**INPUT MATERIAL**
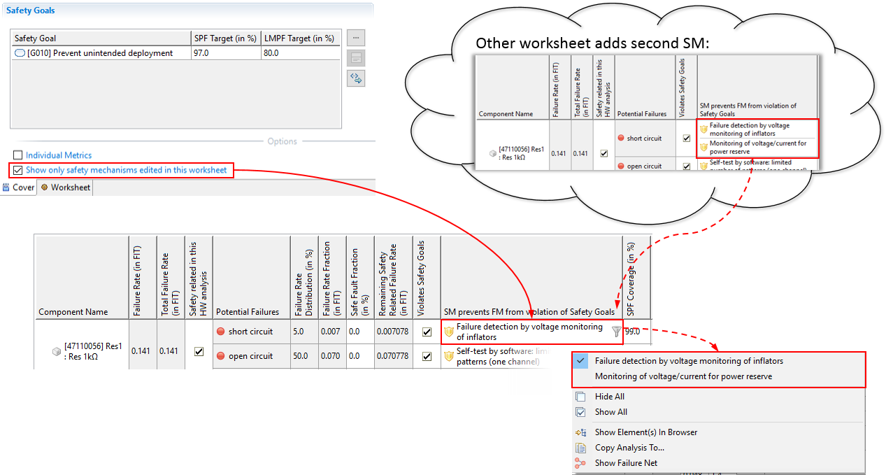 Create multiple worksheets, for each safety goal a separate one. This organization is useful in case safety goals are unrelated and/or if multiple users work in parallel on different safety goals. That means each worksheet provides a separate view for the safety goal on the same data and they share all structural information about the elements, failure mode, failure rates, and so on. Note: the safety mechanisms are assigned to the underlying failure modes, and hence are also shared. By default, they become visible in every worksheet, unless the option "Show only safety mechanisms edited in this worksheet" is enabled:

--

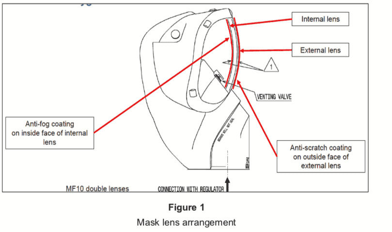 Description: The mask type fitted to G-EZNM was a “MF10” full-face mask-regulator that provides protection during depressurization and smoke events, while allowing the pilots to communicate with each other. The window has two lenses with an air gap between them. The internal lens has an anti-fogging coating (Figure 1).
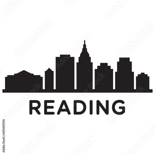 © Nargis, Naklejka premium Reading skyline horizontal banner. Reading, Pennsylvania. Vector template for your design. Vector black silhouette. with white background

==

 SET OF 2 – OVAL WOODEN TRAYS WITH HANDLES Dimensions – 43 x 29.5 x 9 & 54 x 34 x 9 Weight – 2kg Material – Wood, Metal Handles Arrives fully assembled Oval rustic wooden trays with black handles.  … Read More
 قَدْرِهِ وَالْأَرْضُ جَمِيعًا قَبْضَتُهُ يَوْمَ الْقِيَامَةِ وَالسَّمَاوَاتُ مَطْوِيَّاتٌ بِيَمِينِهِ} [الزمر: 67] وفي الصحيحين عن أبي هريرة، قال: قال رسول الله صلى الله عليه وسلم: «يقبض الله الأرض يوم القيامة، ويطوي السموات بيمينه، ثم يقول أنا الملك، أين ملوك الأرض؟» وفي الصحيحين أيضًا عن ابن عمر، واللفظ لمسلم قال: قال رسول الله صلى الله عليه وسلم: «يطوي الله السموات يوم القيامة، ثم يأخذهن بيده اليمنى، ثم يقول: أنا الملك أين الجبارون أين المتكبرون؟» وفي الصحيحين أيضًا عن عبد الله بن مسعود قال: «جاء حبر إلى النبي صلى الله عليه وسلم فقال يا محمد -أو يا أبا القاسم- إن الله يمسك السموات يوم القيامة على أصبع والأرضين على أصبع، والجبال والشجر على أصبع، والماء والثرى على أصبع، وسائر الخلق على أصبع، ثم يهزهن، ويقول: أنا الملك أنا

**THE TASK**
Go through the material above and output exactly the lines from the one containing "SET OF 2 – OVAL" through the one containing "قَدْرِهِ وَالْأَرْضُ جَمِيعًا".

**ANSWER TO THIS EXERCISE**
 SET OF 2 – OVAL WOODEN TRAYS WITH HANDLES Dimensions – 43 x 29.5 x 9 & 54 x 34 x 9 Weight – 2kg Material – Wood, Metal Handles Arrives fully assembled Oval rustic wooden trays with black handles.  … Read More
 قَدْرِهِ وَالْأَرْضُ جَمِيعًا قَبْضَتُهُ يَوْمَ الْقِيَامَةِ وَالسَّمَاوَاتُ مَطْوِيَّاتٌ بِيَمِينِهِ} [الزمر: 67] وفي الصحيحين عن أبي هريرة، قال: قال رسول الله صلى الله عليه وسلم: «يقبض الله الأرض يوم القيامة، ويطوي السموات بيمينه، ثم يقول أنا الملك، أين ملوك الأرض؟» وفي الصحيحين أيضًا عن ابن عمر، واللفظ لمسلم قال: قال رسول الله صلى الله عليه وسلم: «يطوي الله السموات يوم القيامة، ثم يأخذهن بيده اليمنى، ثم يقول: أنا الملك أين الجبارون أين المتكبرون؟» وفي الصحيحين أيضًا عن عبد الله بن مسعود قال: «جاء حبر إلى النبي صلى الله عليه وسلم فقال يا محمد -أو يا أبا القاسم- إن الله يمسك السموات يوم القيامة على أصبع والأرضين على أصبع، والجبال والشجر على أصبع، والماء والثرى على أصبع، وسائر الخلق على أصبع، ثم يهزهن، ويقول: أنا الملك أنا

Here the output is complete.